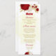 Fleurs romantiques rouge foncé et blanc avec carte de menu feuille botanique mariage. Les détails de la parties scintillant sont simulés.
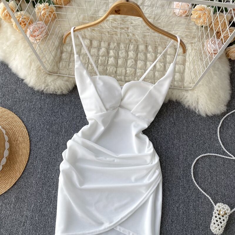 夏の不規則なサスペンダー スカート気質ローカット自己修養ファッション バッグ ヒップ ショート スカート胸のないセクシーなドレス小さな サマー 夏物 lyxaj32035096878
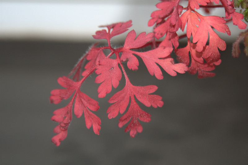 Guten Abend alle Zusammen,kann mir jemand verraten, was ich da am Fensterbrett stehen habe? Ich habe schon ein wenig gegoogelt, aber konnte mit den wenigen Informationen die ich habe nichts vergleichbares finden.Es geht um eine etwa 15-20cm hohe Pflanze mit behaarten Stängeln, gefiedertem Blatt und (sehr schöner) rötlicher Herbstfärbung. Über Früchte oder Blüten kann ich keine Aussage treffen.Das einzelne Blatt des Aaronstabes bitte ignorieren, der hat sich da reingeschmuggelt ...DankeJochen
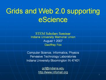<Notice: Removed> Grids and Web 2.0 supporting eScience PowerPoint PPT Presentation
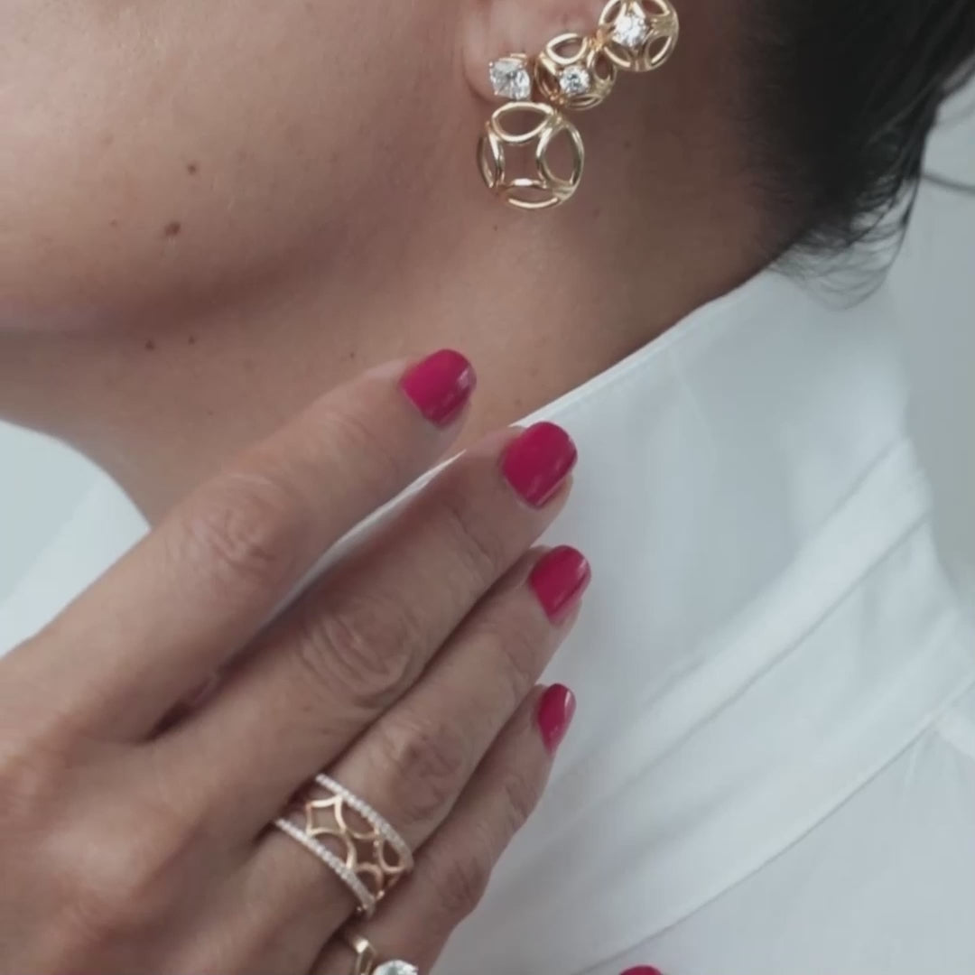 このサーキュラーピアスは、無限の円を通して示される自由へのオマージュです。18K イエローゴールドの曲線とラインがラウンドシェイプを形成し、両耳に輝くラウンドカットのラボグロウンダイヤモンドがそれを引き立てます。
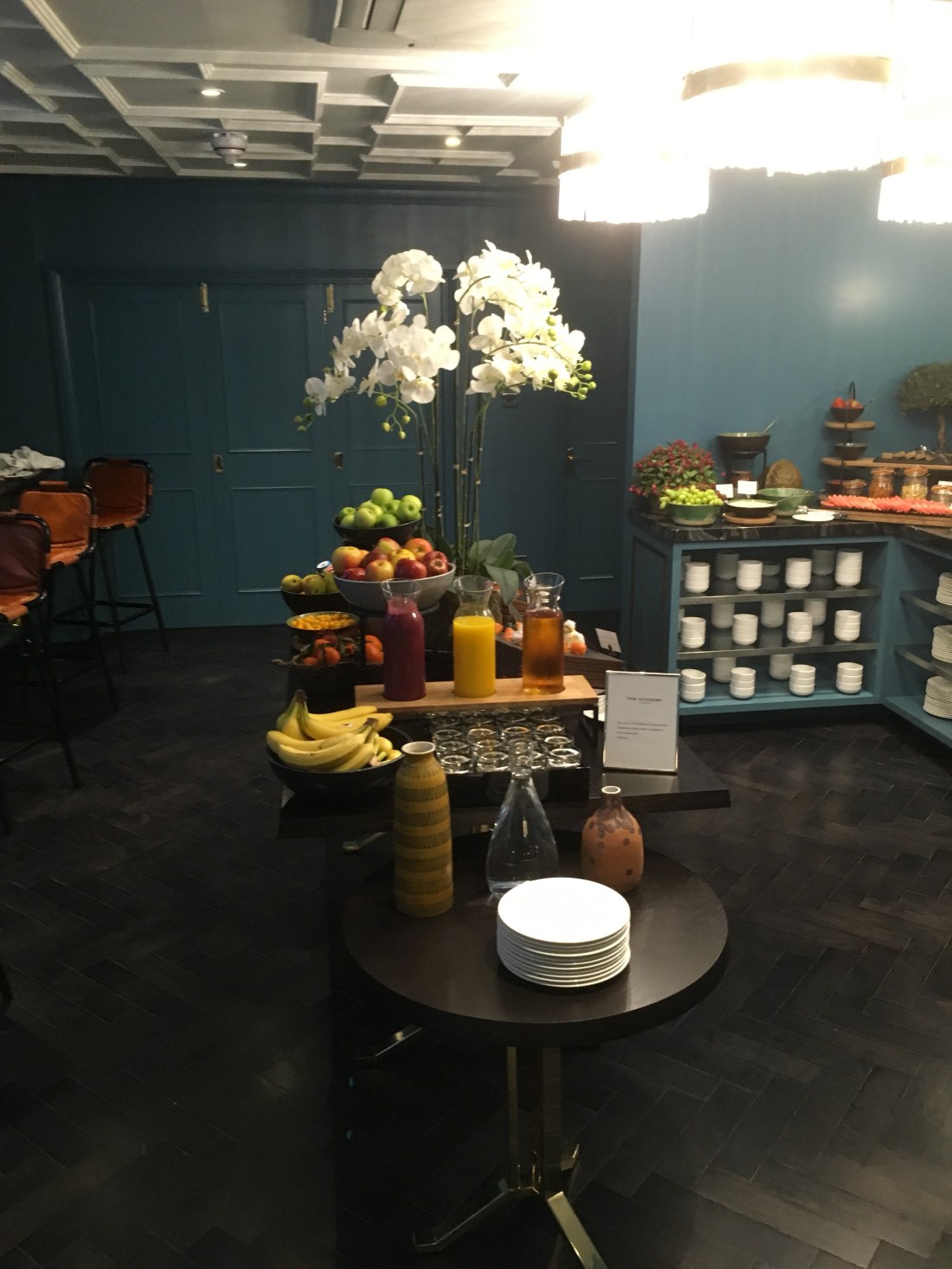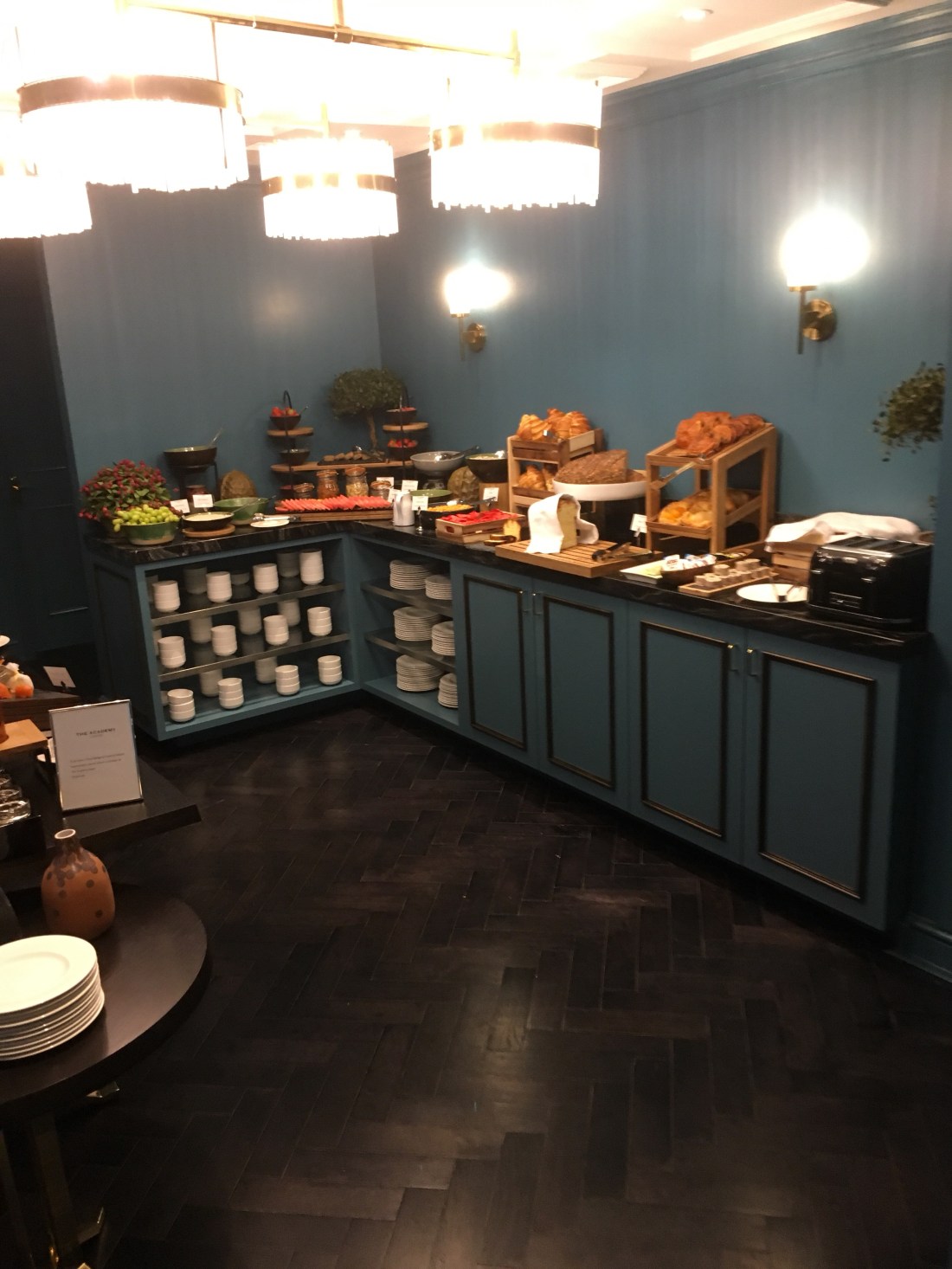 The breakfast buffet includes orange, apple and pineapple juice, coffee and tea, regular and chocolate croissants, different kinds of muffins, a wide selection of fruit, cereal and cheese and lunch meat. And I’m not talking Oscar Meyer bologna or corned beef. I’m talking thinly sliced prosciutto, Genoa salami and chorizo. No American “cheese” on the cheese platter. I’m talking Brie and Gorgonzola and a very strong Stilton cheese. I am starting to enjoy lunch meat and cheese for breakfast. Baked beans are a regular staple on an English breakfast buffet. Thank God the hotel decided to eliminate the baked beans from the buffet offerings. Eating baked beans in the morning is just asking for trouble.
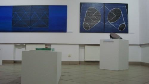 To wspólna wystawa Prof. Małgorzaty Dajewskiej (szkło) i Prof. Piotra Błażejewskiego (malarstwo).
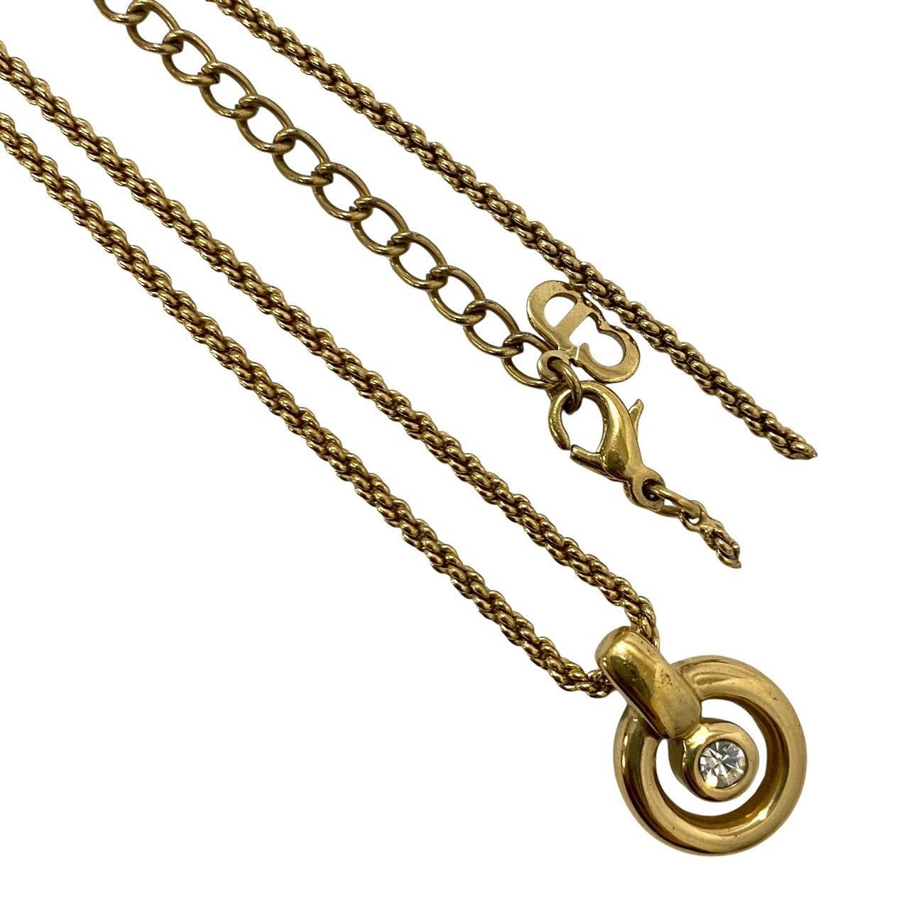 U【Dior】ネックレス チェーン切れ ゴールド/金 カラー ラインストーン サークル ラウンド ヴィンテージ ペンダント Christian Dior/クリスチャンディオール (57864OT1a)
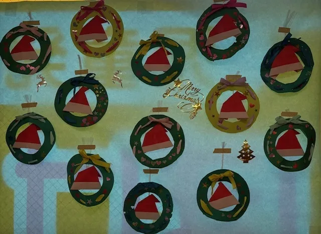 そんな今回はリースを作りました。リースの形にハサミで切ってシールを貼って、そこに穴を開けてリボンを通し、最後に折り紙でサンタの帽子を折る。と長い長い工程でしたがみんな想像以上に頑張ってくれました。
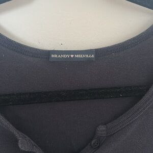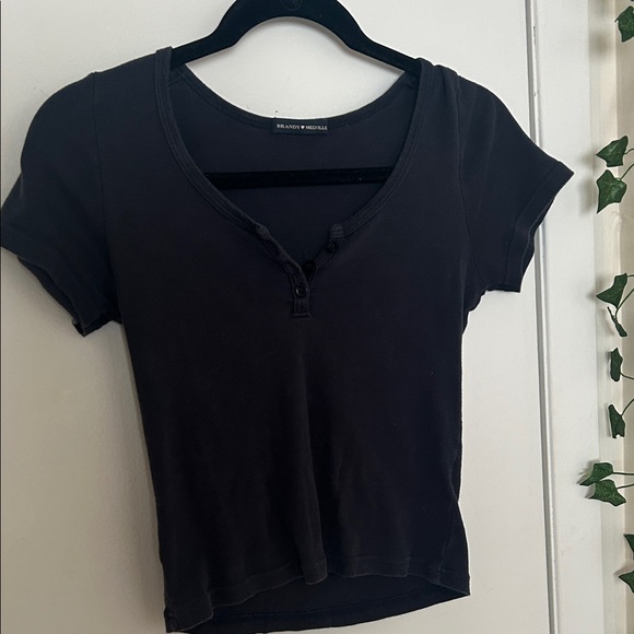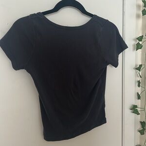 Chic black tee with button detail. Soft fabric. Perfect for casual wear.
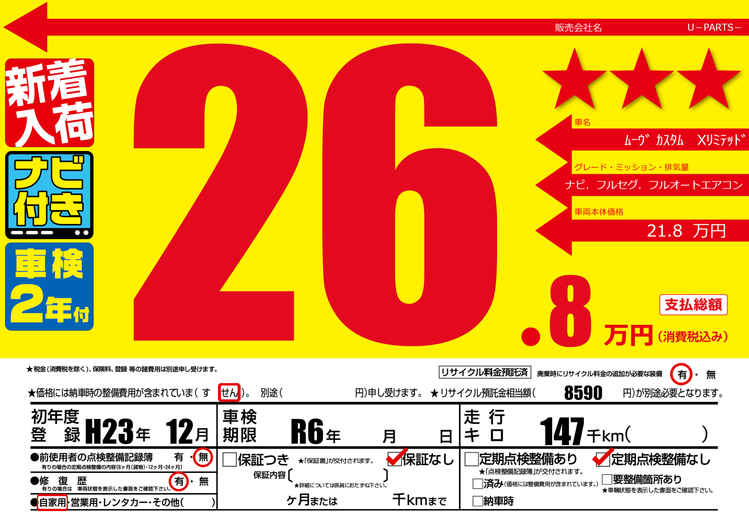 | 走行キロ | 14.7万km | 初年度登録 | H23年12月 |
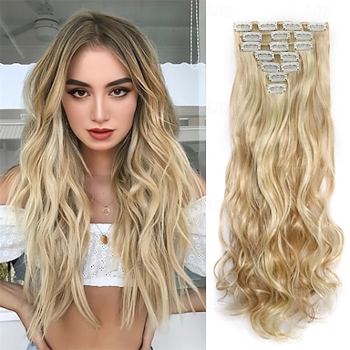 Extensions synthétiques Clips Cheveux Synthétiques Longue Extension des cheveux A Clipser 1 pc Doux Résistant à la chaleur Duveteux Femme
_ _ _ _ _ _ _
### BRIEF
Beginning with the line where "初年度登録 | H23年12月 |" appears, reproduce every remaining line of the listing above, the last one included, but none of the pictures.

### TASK ANSWER
 | 走行キロ | 14.7万km | 初年度登録 | H23年12月 |
 Extensions synthétiques Clips Cheveux Synthétiques Longue Extension des cheveux A Clipser 1 pc Doux Résistant à la chaleur Duveteux Femme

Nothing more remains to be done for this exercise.